● TRY IT
Return each line below exactly as it reads, and omit any image in it.

● RECORDS SUPPLIED
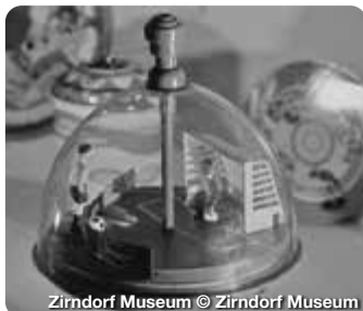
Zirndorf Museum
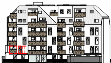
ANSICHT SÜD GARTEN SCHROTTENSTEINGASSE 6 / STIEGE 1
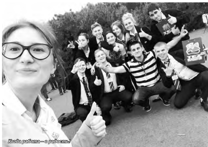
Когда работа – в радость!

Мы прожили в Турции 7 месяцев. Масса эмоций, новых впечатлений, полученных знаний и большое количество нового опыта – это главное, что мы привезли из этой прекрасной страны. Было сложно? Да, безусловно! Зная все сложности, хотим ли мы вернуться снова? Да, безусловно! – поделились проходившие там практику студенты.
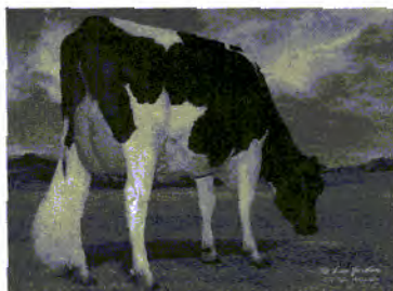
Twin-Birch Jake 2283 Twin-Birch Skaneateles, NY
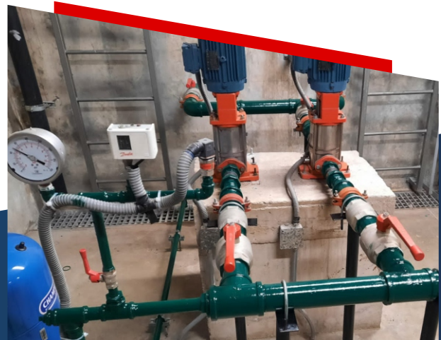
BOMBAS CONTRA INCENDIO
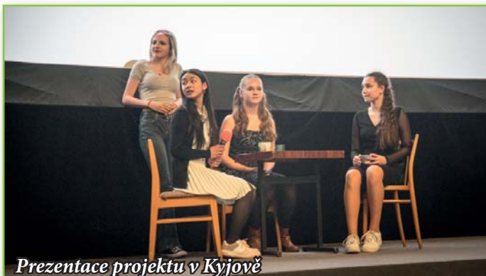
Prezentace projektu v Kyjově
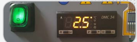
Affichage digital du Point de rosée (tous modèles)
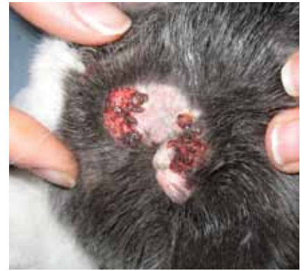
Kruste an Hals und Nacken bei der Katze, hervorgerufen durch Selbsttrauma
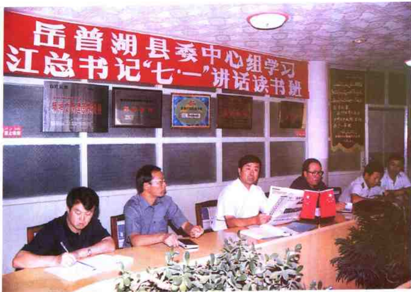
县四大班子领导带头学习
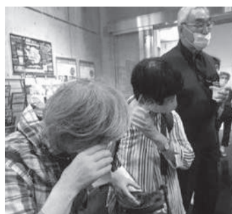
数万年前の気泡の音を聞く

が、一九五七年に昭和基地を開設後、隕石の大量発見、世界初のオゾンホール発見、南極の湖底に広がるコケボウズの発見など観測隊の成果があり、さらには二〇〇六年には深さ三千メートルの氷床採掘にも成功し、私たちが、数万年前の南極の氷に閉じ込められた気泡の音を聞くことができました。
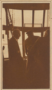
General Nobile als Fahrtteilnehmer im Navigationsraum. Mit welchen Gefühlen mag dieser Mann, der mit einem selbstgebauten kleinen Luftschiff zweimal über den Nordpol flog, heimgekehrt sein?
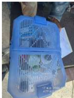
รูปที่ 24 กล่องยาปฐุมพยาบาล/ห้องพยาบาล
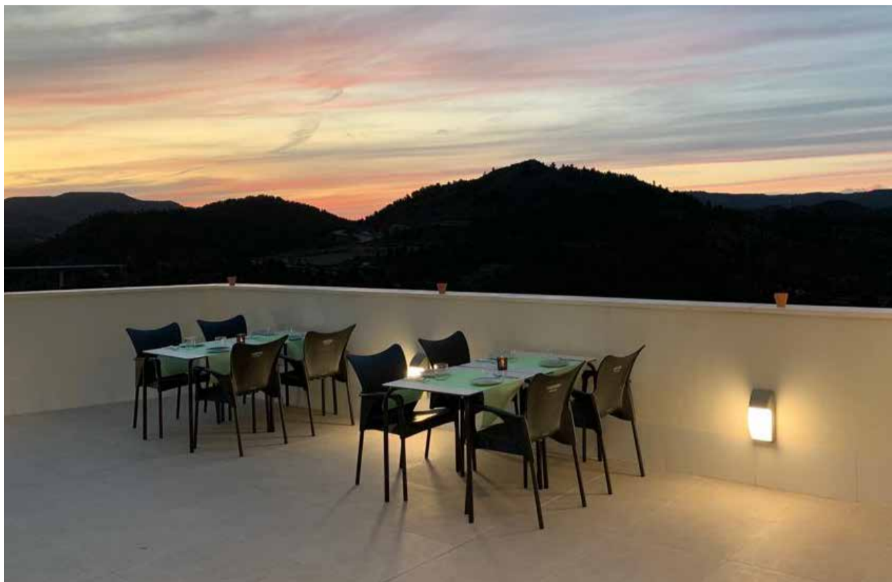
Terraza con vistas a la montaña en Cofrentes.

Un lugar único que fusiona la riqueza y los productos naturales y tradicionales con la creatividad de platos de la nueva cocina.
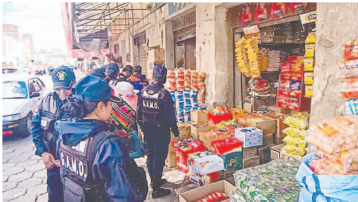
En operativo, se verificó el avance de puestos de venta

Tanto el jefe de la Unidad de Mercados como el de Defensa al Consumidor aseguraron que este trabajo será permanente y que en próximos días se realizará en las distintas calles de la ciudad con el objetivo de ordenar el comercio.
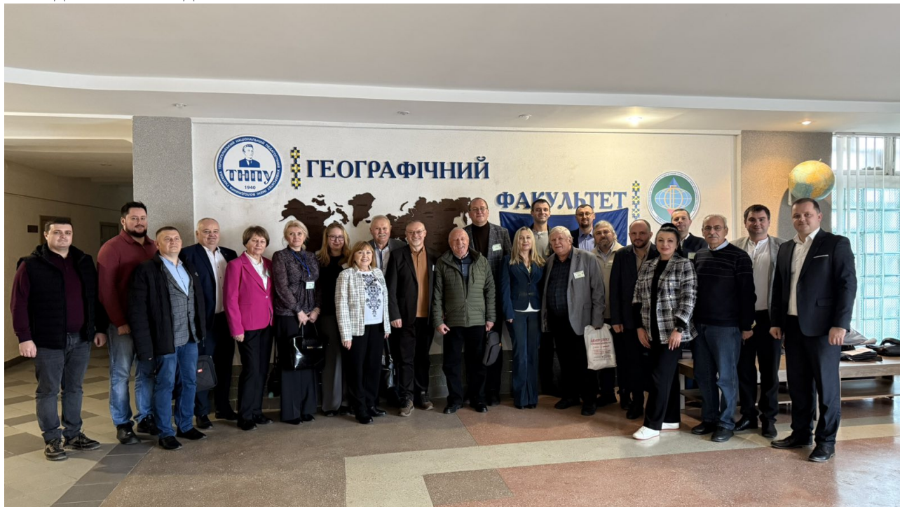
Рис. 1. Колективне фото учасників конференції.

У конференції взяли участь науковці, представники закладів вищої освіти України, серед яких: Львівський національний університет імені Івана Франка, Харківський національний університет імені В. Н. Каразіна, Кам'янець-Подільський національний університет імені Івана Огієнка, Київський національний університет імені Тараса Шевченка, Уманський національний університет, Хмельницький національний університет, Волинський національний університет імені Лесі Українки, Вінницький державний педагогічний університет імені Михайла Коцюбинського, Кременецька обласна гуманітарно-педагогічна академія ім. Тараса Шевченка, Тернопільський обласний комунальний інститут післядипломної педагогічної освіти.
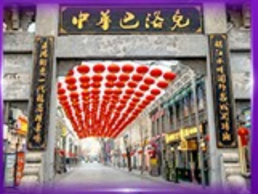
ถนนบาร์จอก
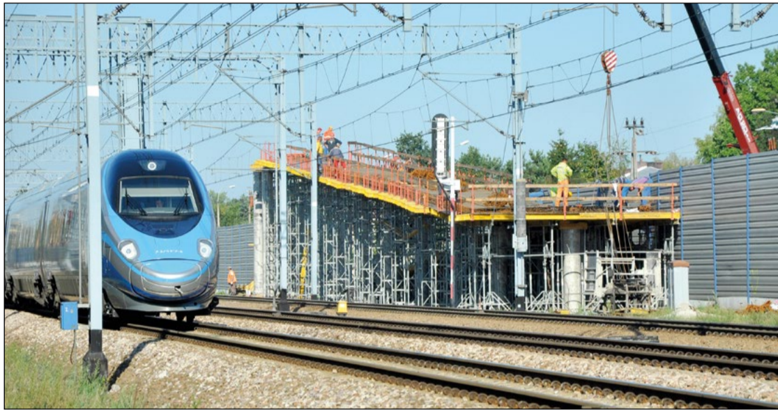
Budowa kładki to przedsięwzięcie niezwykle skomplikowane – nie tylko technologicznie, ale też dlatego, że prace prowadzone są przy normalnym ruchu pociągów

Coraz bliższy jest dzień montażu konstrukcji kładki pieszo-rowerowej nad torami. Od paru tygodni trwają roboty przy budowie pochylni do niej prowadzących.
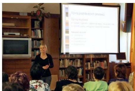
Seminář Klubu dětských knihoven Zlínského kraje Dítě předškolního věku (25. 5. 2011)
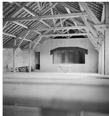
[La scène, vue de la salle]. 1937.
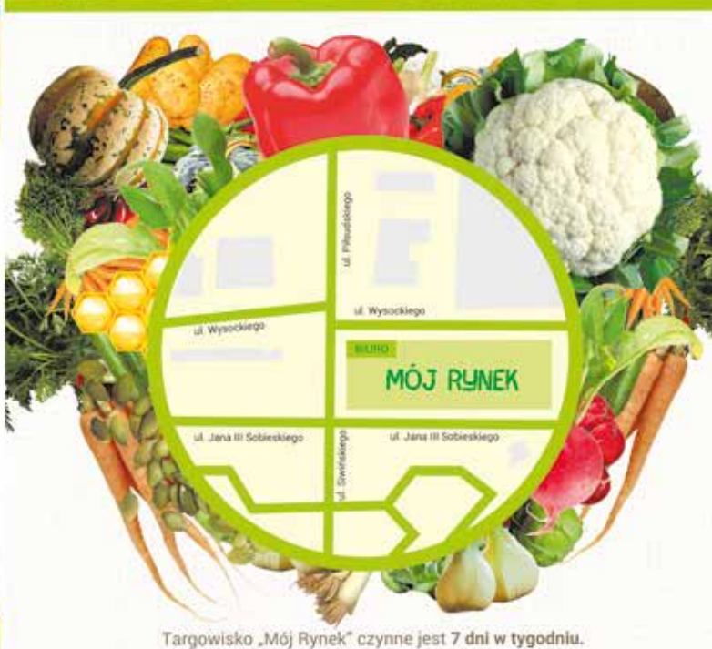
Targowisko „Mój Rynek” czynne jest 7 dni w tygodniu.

● ANSWER BOX
Zirndorf Museum
ANSICHT SÜD GARTEN SCHROTTENSTEINGASSE 6 / STIEGE 1
Когда работа – в радость!

Мы прожили в Турции 7 месяцев. Масса эмоций, новых впечатлений, полученных знаний и большое количество нового опыта – это главное, что мы привезли из этой прекрасной страны. Было сложно? Да, безусловно! Зная все сложности, хотим ли мы вернуться снова? Да, безусловно! – поделились проходившие там практику студенты.
Twin-Birch Jake 2283 Twin-Birch Skaneateles, NY
BOMBAS CONTRA INCENDIO
Prezentace projektu v Kyjově
Affichage digital du Point de rosée (tous modèles)
Kruste an Hals und Nacken bei der Katze, hervorgerufen durch Selbsttrauma
县四大班子领导带头学习
数万年前の気泡の音を聞く

が、一九五七年に昭和基地を開設後、隕石の大量発見、世界初のオゾンホール発見、南極の湖底に広がるコケボウズの発見など観測隊の成果があり、さらには二〇〇六年には深さ三千メートルの氷床採掘にも成功し、私たちが、数万年前の南極の氷に閉じ込められた気泡の音を聞くことができました。
General Nobile als Fahrtteilnehmer im Navigationsraum. Mit welchen Gefühlen mag dieser Mann, der mit einem selbstgebauten kleinen Luftschiff zweimal über den Nordpol flog, heimgekehrt sein?
รูปที่ 24 กล่องยาปฐุมพยาบาล/ห้องพยาบาล
Terraza con vistas a la montaña en Cofrentes.

Un lugar único que fusiona la riqueza y los productos naturales y tradicionales con la creatividad de platos de la nueva cocina.
En operativo, se verificó el avance de puestos de venta

Tanto el jefe de la Unidad de Mercados como el de Defensa al Consumidor aseguraron que este trabajo será permanente y que en próximos días se realizará en las distintas calles de la ciudad con el objetivo de ordenar el comercio.
Рис. 1. Колективне фото учасників конференції.

У конференції взяли участь науковці, представники закладів вищої освіти України, серед яких: Львівський національний університет імені Івана Франка, Харківський національний університет імені В. Н. Каразіна, Кам'янець-Подільський національний університет імені Івана Огієнка, Київський національний університет імені Тараса Шевченка, Уманський національний університет, Хмельницький національний університет, Волинський національний університет імені Лесі Українки, Вінницький державний педагогічний університет імені Михайла Коцюбинського, Кременецька обласна гуманітарно-педагогічна академія ім. Тараса Шевченка, Тернопільський обласний комунальний інститут післядипломної педагогічної освіти.
ถนนบาร์จอก
Budowa kładki to przedsięwzięcie niezwykle skomplikowane – nie tylko technologicznie, ale też dlatego, że prace prowadzone są przy normalnym ruchu pociągów

Coraz bliższy jest dzień montażu konstrukcji kładki pieszo-rowerowej nad torami. Od paru tygodni trwają roboty przy budowie pochylni do niej prowadzących.
Seminář Klubu dětských knihoven Zlínského kraje Dítě předškolního věku (25. 5. 2011)
[La scène, vue de la salle]. 1937.
Targowisko „Mój Rynek” czynne jest 7 dni w tygodniu.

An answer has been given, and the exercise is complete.